ErN 160, entry Jan. 2012
Lo Guarracino
—A Tale of Musicological Ichthyomachy
Relax. It's just a fish story, but I had to
spice up the title in order to keep up with the many
people with alphabets after their names. They have used
terms such as demopsychological, halieutic and
bromatological (look them up—I had to!) to describe what is
essentially a piece of folk music. The fisherfolk who
wrote this thing in the early 1700s must have had a lot of
fun and no doubt would have been delighted to know that
their masterful tarantella, Lo Guarracino, would bust scholarly
chops for the next 300 years. If it was just a single,
simple fisherman with a guitar who wrote it, he was a
genius.
Lo Guarracino is
the Neapolitan dialect name for the fish known in Italian as
the coracino. (In
scholarese, it is called chromis
chromis.)
They say it is an ugly fish; you be the judge (photo,
above).

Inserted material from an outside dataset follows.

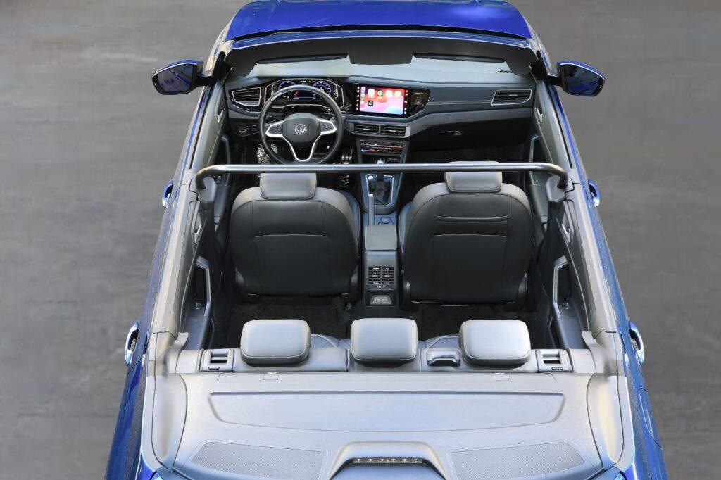 O Virtus Cabrio mescla elementos das versões Highline e Exclusive, recebeu a cor Azul Biscay que é perolizada, rodas de 18 polegadas com acabamento escuro, interior com bancos e forrações na cor preta e o motor 250 TSI de 150cv e 25kgfm de torque com câmbio automático de seis velocidades que teve a programação alteradada para circular de forma suave em baixas velocidades.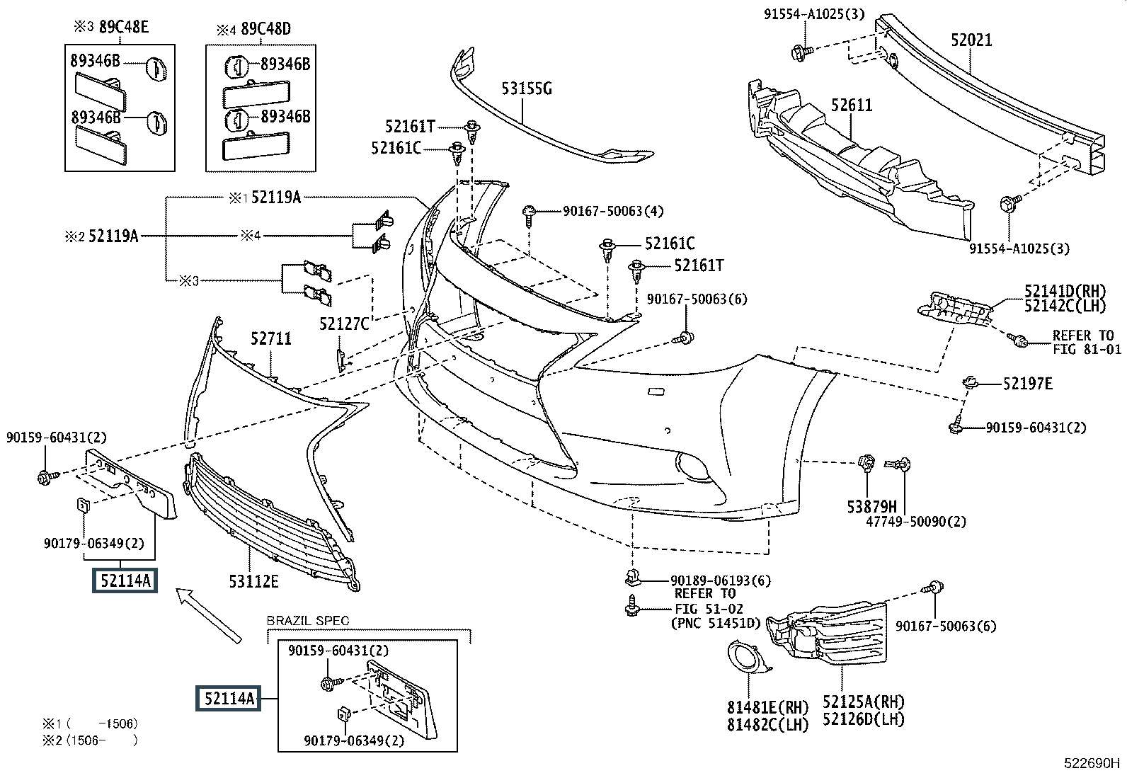 52114-33340, Площадка переднего номерного знака

This tarantella is still well-known and widely sung
and danced today. The story told by the text is
straightforward—for a fish story: the hero, lo Guarracino, decides
to end his bachelor life and sets out to seek a mate. He
puts on his best duds, ventures out and promptly falls in
love with Sardella, a female sardine. She, however, is
already betrothed to Alleterato, a tuna. After that set-up,
the next umpteen verses are essentially a list of all the
creatures of the local waters as they get involved on one
side or the other of the love rivalry. The whole thing
escalates and degenerates until there is a universal fish
war going on.
The tarantella is dated
from references in the text, for example, to Sardella
wearing her hair alla
caunizza (Pompadour) —that from Anton Wenzel,
prince of Kaunitz-Reitberg, one of the ministers of empress
Maria Theresa of Austria. No one knows if he really wore his
hair like that. I think she
did, though. Maybe it doesn't matter, and scholars
don't seem to mind the part about fish wearing clothes or
having hair. The really scholarly part comes into play
because of the list of creatures in the sea. There seem to
be 82 of them woven tongue-twistingly into the triplet
rhythms of the tarantella —and all of the names are not only in dialect
but, to a large extent, in an archaic dialect.
There is a long bibliography of
those who have tried to list all the names, find out what
the Italian terms are, whether there might have been some
allegorical or invented names, whether the creatures still
exist, and what, if anything, any of this can tell us
about the lives of those who fished the local waters
(which is where "bromatological" comes in —having to do
with the nature, quality and uses of food). Lo Guarracino
interested Benedetto Croce, who
tried to list all of the names in 1923 but either got
bored or gave up. Historian Gino Doria wrote a book about
Lo Guarracino, as
did Neapolitan musicologist Roberto De Simone, and in 1982
professor Arturo Palombi, published his study of the text,
coming up with the definitive count of 82 names. In 1992,
one diligent scholar, Maria Cristina Gambi, published a
list with the Linnaean Latin classification of the names,
claiming, as well, to have attained some sort of
bromatological nirvana in doing so. (I am happy for her!)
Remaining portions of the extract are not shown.